01:07 Wed Oct 24 2012
AAP

Plans to charge licensing fees for brothels in NSW would force many sex workers underground and prevent them from accessing health and welfare services, says the Australian author of a United Nations report.

Human rights lawyer John Godwin's UN report backs the decriminalisation of the sex industry in Asia.

And he says the NSW government's plans to create a brothel licensing authority and charge licensing fees undermines a policy that has been largely successful since its introduction in 1995.

"We currently have a decriminalised sex industry in NSW that has proven to be very successful in terms of both HIV prevention and ensuring a safe and healthy work place for sex workers," Mr Godwin told AAP.

"The licensing systems in the other states have not been evaluated as being highly effective in terms of public health outcomes," he said after the report's launch in Bangkok.

Mr Godwin says the weaknesses of a licensing system are that "it only catches a very small proportion of the industry and the vast majority of sex workers operate outside of licensed establishments".

"Whereas there might be some health benefit for those who are working in the licensed establishments, those who are not are alienated from mainstream services and driven more underground in terms of accessing health and welfare services," he said.

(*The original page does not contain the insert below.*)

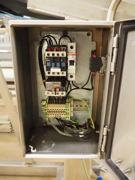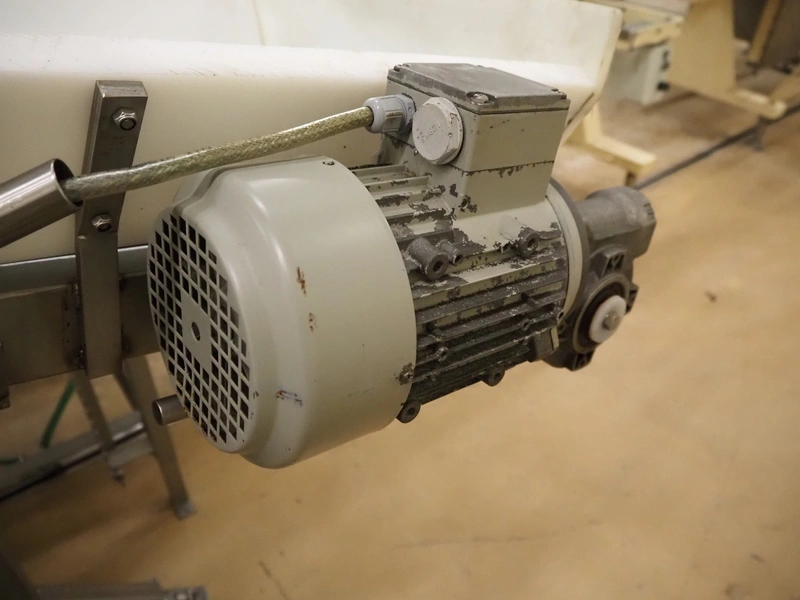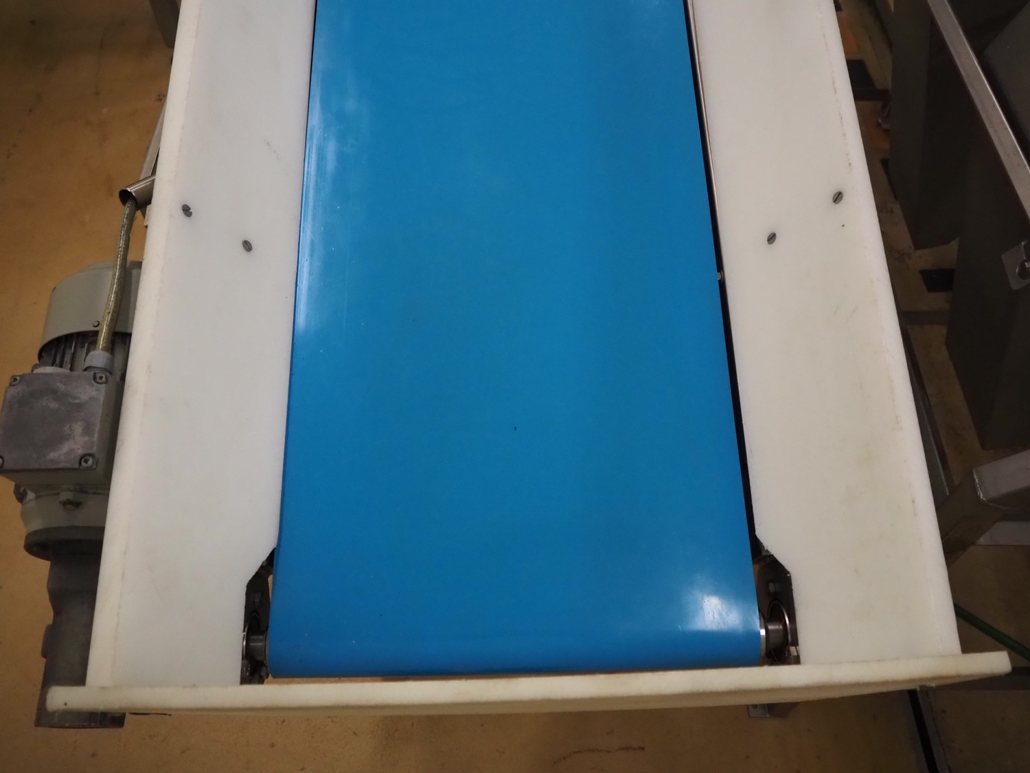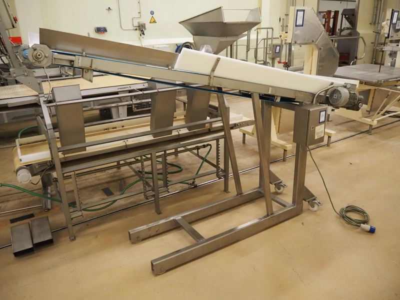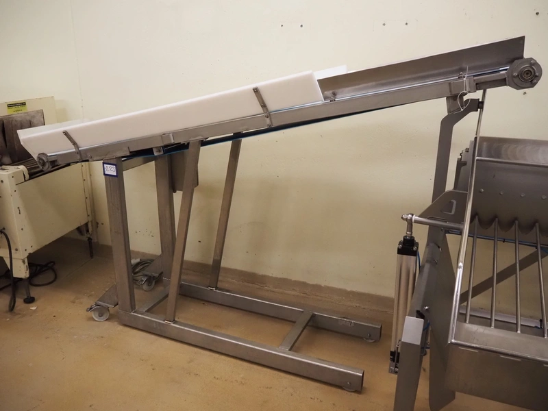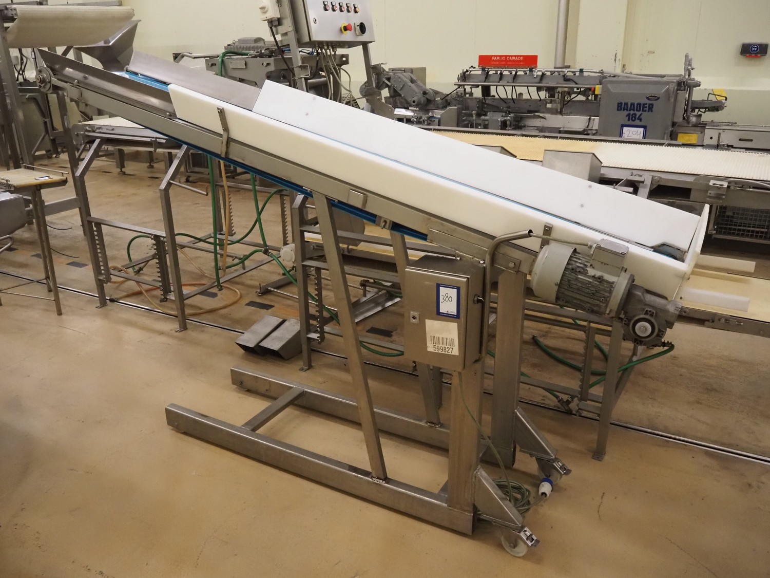 Mobile elevating belt, s/s frame, plastic belt, belt width: 400 mm, elevating height: 1580 mm, total dimensions: 2800 mm x 720 mm x 1700 mm.

The 226-page UN Development Program report, Sex Work and the Law, calls for decriminalisation of prostitution in Asia, and points to the decriminalisation policy in New Zealand and NSW as enabling sex workers adequate access to services in preventing the spread of the AIDS virus.

The report said the two jurisdictions' approaches indicated that "defining sex work as legitimate labour empowers sex workers, increases their access to HIV and sexual health services associated with very high condom use rates".

"Very low STI (sexually transmitted infection) prevalence has been maintained among sex workers in New Zealand and NSW, and HIV transmission within the context of sex work is understood to be extremely low or non-existent," the report said.

Mr Godwin said it was important to treat the sex industry like any other industry in terms of workplace, occupational health and safety standards.

Instead of a highly bureaucratic and heavy handed licensing system monitoring premises or individual sex workers' there should be application of general and workplace laws as well as zoning requirements for any business, he said.

Tracey Tully, the spokeswoman for the Asia-Pacific Network of Sex Workers, says the NSW policy has been promoted as a model of best practice.

Ms Tully said the policy offers "the most enabling environment legally, in terms of HIV prevention - particularly from key affected populations, which is where the most effective interventions come from".

In Victoria, under a licensed system, operators pay about $A4300 to apply for a brothel licence and $A2500 to renew it. Health workers say the process acts a deterrent for most operators being licensed.